Our results show that in most published GWAs, no scientific reasons for the applied quality steps are given. Cutoffs for the most common quality measures are mostly not explained. Especially the principal component analysis and the test for deviation from Hardy-Weinberg equilibrium are frequently used as quality criteria in many GWAs without analyzing the existing conditions exactly and adjusting the quality control accordingly.

It is pointed out that researchers still have to decide between universal and individual parameters and therefore between optimal comparability to other analyses and optimal conditions within the specific study.

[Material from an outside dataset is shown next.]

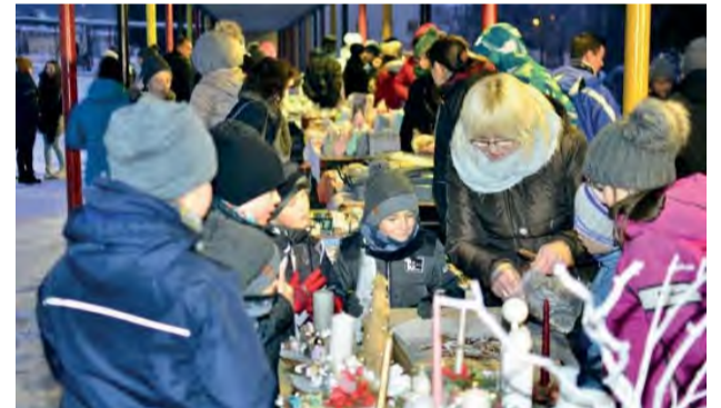
Súčasnou akcie boli aj vianočné predajné trhy.

Ježiška z maštalky – tisíckrát stvárnený, a predsa sa k nemu každý rok vraciame. Okrem Panny Márie, Jozefa, malého Ježiška, pastierov, nechýbali traja kráľi, koledníci a zbor anjelov. Prichádzajúci si vypočuli biblický text a v uponáhlanom predvianočnom čase sa v tretí adventný týždeň na chvíľku zastavili, stišli. Ani tento rok nechýbali živé zvieratká, ktoré už tradične zaujali tých najmenších. Celé popoludnie

Which Test for Crossing Survival Curves? A User’s Guide
Ina Dormuth1, Tiantian Liu2,4, Jin Xu2, Menggang Yu3, Markus Pauly1, Marc Ditzhaus1
1TU Dortmund, Deutschland; 2East China Normal University, China; 3University of Wisconsin-Madison, USA; 4Technion ‐ Israel Institute of Technology, Israel

Knowledge transfer between statisticians developing new data analysis methods, and users is essential. This is especially true for clinical studies with time-to-event endpoints. One of the most common problems is the comparison of survival in two-armed trials. The log-rank test is still the gold standard for answering this question. However, in the case of non-proportional hazards, its informative value may decrease. In the meantime several extensions have been developed to solve this problem. Since non-proportional or even intersecting survival curves are common in oncology, e.g. in immunotherapy studies, it is important to identify the most appropriate methods and to draw attention to their existence. Therefore, it is our goal to simplify the choice of a test to detect differences in survival rate in case of crossings. To this end, we reviewed 1,400 recent oncological studies. Limiting our analysis to intersecting survival curves and non-significant log-rank tests for a sufficient number of observed events we reconstructed the data sets using a state-of-the-art reconstruction algorithm. To ensure reproductive quality, only publications with a published number of risk at multiple points in time, sufficient print quality, and a non-informative censoring pattern were included. After elimination of papers on the basis of the exclusion criteria mentioned above, we compared the p-values of the log-rank and the Peto-Peto test as references and compare them with nine different tests for non-proportional or even crossing hazards. It is shown that tests designed to detect crossing hazards are advantageous and provide guidance in choosing a reasonable alternative to the standard log-rank test. This is followed by a comprehensive simulation study and the generalization of one of the test methods to the multi-sample case.